论文标题
lie superalgebras $ \ mathfrak {sl}(m | n)$或$ \ mathfrak {osp}(m | 2n)$
Centres of centralizers of nilpotent elements in Lie superalgebras $\mathfrak{sl}(m|n)$ or $\mathfrak{osp}(m|2n)$
论文作者
论文摘要
令$ \ bar {g} $为简单的代数超组$ \ mathrm {sl}(m | n)$或$ \ mathrm {osp}(m | 2n)$ over $ \ mathbb {c} $。令$ \ Mathfrak {g} = \ Mathrm {lie}(\ bar {g})= \ Mathfrak {g} _ {\ bar {0}} \ oplus \ mathfrak {g} $ \ mathbb {c} $被认为是偶数集中的超级巨头。假设$ e \ in \ mathfrak {g} _ {\ bar {0}} $是nilpotent。我们描述了$ \ mathfrak {g} $ in $ e $的centralizer $ \ mathfrak {g}^{e} $及其中心$ \ mathfrak {z}(\ mathfrak {g}^e})$。特别是,我们给出了$ \ mathfrak {g}^{e} $,$ \ mathfrak {z}(\ Mathfrak {\ mathfrak {g}^{e})$和$ \ left(\ mathfrak {z}(\ mathfrak {g}^e} {e} {我们还针对$ e $确定了标记的dynkin图$ \ vardelta $,然后描述$ \ left(\ mathfrak {z}(\ mathfrak {\ mathfrak {g}^{e} {e})\ right)\ right)

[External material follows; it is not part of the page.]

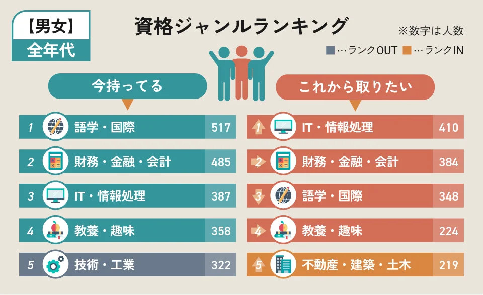 また、不動産・建築・土木系への関心が上昇。「今持っている資格」では9位だが、「これから取りたい資格」では5位に浮上。生活に密着したスキルとして、安定性への評価が高まっている傾向が明らかになった。

Let $\bar{G}$ be the simple algebraic supergroup $\mathrm{SL}(m|n)$ or $\mathrm{OSp}(m|2n)$ over $\mathbb{C}$. Let $\mathfrak{g}=\mathrm{Lie}(\bar{G})=\mathfrak{g}_{\bar{0}}\oplus\mathfrak{g}_{\bar{1}}$ and let $G=\bar{G}(\mathbb{C})$ where $\mathbb{C}$ is considered as a superalgebra concentrated in even degree. Suppose $e\in\mathfrak{g}_{\bar{0}}$ is nilpotent. We describe the centralizer $\mathfrak{g}^{e}$ of $e$ in $\mathfrak{g}$ and its centre $\mathfrak{z}(\mathfrak{g}^{e})$. In particular, we give bases for $\mathfrak{g}^{e}$, $\mathfrak{z}(\mathfrak{g}^{e})$ and $\left(\mathfrak{z}(\mathfrak{g}^{e})\right)^{G^{e}}$. We also determine the labelled Dynkin diagram $\varDelta$ with respect to $e$ and subsequently describe the relation between $\left(\mathfrak{z}(\mathfrak{g}^{e})\right)^{G^{e}}$ and $\varDelta$.